* Input data:
- - -

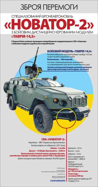 Зброя перемоги: спеціалізований бронеавтомобіль «Новатор-2» з бойовим дистанційно керованим модулем «Таврія-14,5» 14.03.2024 14:20 Укрінформ У березні було успішно проведено випробування модернізованого СБА «Новатор» з бойовим модулем українського виробництва
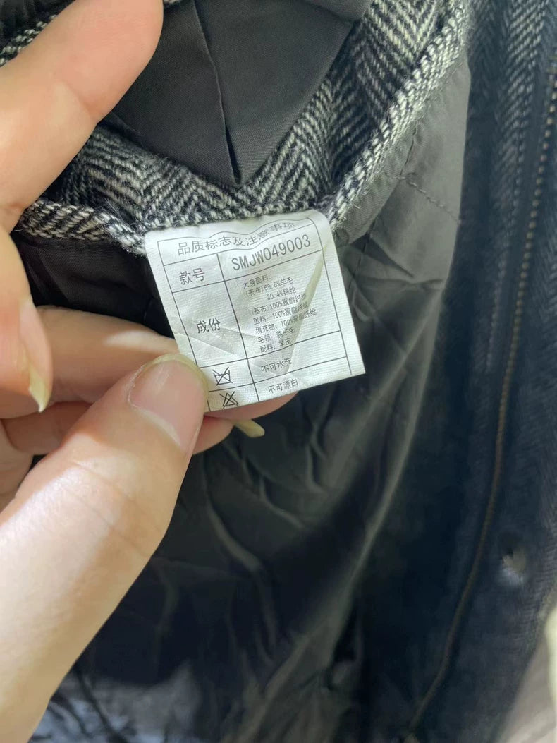 Stylish Gray Herringbone Wool Coat
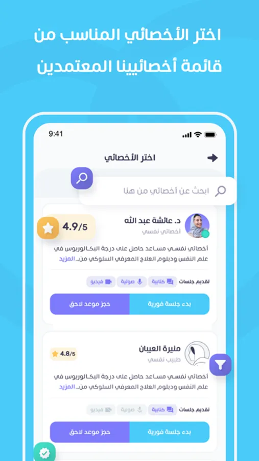 - حرية الاختيار في الجلسات ( صوتية أو نصية أو مرئية).

- - -

When you repeat the lines above, keep them exact and leave out each image they contain.

* Reply:
 Зброя перемоги: спеціалізований бронеавтомобіль «Новатор-2» з бойовим дистанційно керованим модулем «Таврія-14,5» 14.03.2024 14:20 Укрінформ У березні було успішно проведено випробування модернізованого СБА «Новатор» з бойовим модулем українського виробництва
 Stylish Gray Herringbone Wool Coat
 - حرية الاختيار في الجلسات ( صوتية أو نصية أو مرئية).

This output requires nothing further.